The day after Christmas, and it makes me think. One word we often associate with Christmas is "miracle". It feels like a natural. You may come up with a variety of images when I say, "Christmas miracle," but you won't likely draw a blank. Maybe it's the Classic A Miracle on 34th Street where a store Santa turns out the be the real thing. Maybe it's the news of the day. This year a cruise ship crew rescued two fishermen lost at sea for 20 days. "I don't know about you," a Royal Caribbean International representative said, "but I've already seen a Christmas miracle." Or maybe it's the warmth and joy of the season. Or something else.

I never taught my kids that there was a Santa Claus. You can surmise, then, that it didn't make me or them particularly popular at this time of year. One mother took me to task for it.

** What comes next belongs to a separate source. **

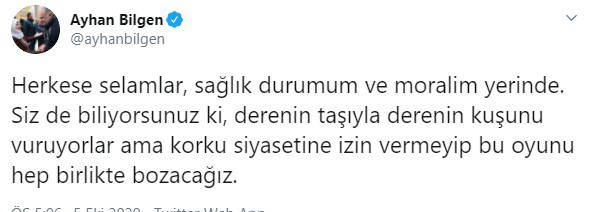 Bilgen, "Herkese selamlar, sağlık durumum ve moralim yerinde. Siz de biliyorsunuz ki, derenin taşıyla derenin kuşunu vuruyorlar ama korku siyasetine izin vermeyip bu oyunu hep birlikte bozacağız" dedi.

Her kids went to the same Christian school mine did. "You need to make your son be quiet about Santa. He told my daughter there was no such thing. Do you want him to ruin the miracle of Christmas for other children??!" Yes, that would be one of the things that would come to mind with the phrase, "Christmas miracle." It's that guy from the North Pole who visits every house in every place in one evening delivering whatever it is each child wants. Quite a miracle. If it was true.

It is true that "Christmas" and "miracle" go together, but why is it that we come up with so many varied thoughts? Why is it that we think of some fictional guy in a red suit and beard who delivers coal to bad kids and gifts to good kids in the blink of an eye overnight before we think of the God-become-Man, Savior-born-of-a-virgin, God's-answer-to-our-universal-sin-problem miracle? Why is it that "Santa Claus is coming to town" is more of a Christmas miracle than "Though He was in the form of God, He did not count equality with God a thing to be grasped, but emptied Himself, by taking the form of a servant, being born in the likeness of men" (Php 2:6-7)? Jesus fulfilled multiple prophecies offered hundreds, even thousands of years before His birth. Precise predictions filled to perfection. How is that miracle less than a mythical gift-giver who offers good to "good children" and bad to bad children?

I believe in the Christmas miracle. I just wish we -- especially we Christians -- could keep in mind just what that miracle was and savor the magnitude of it. That Christmas miracle is a life-changing, forever kind of miracle. The Son of God born to die for my sin? Now that is a miracle to celebrate ... year-round.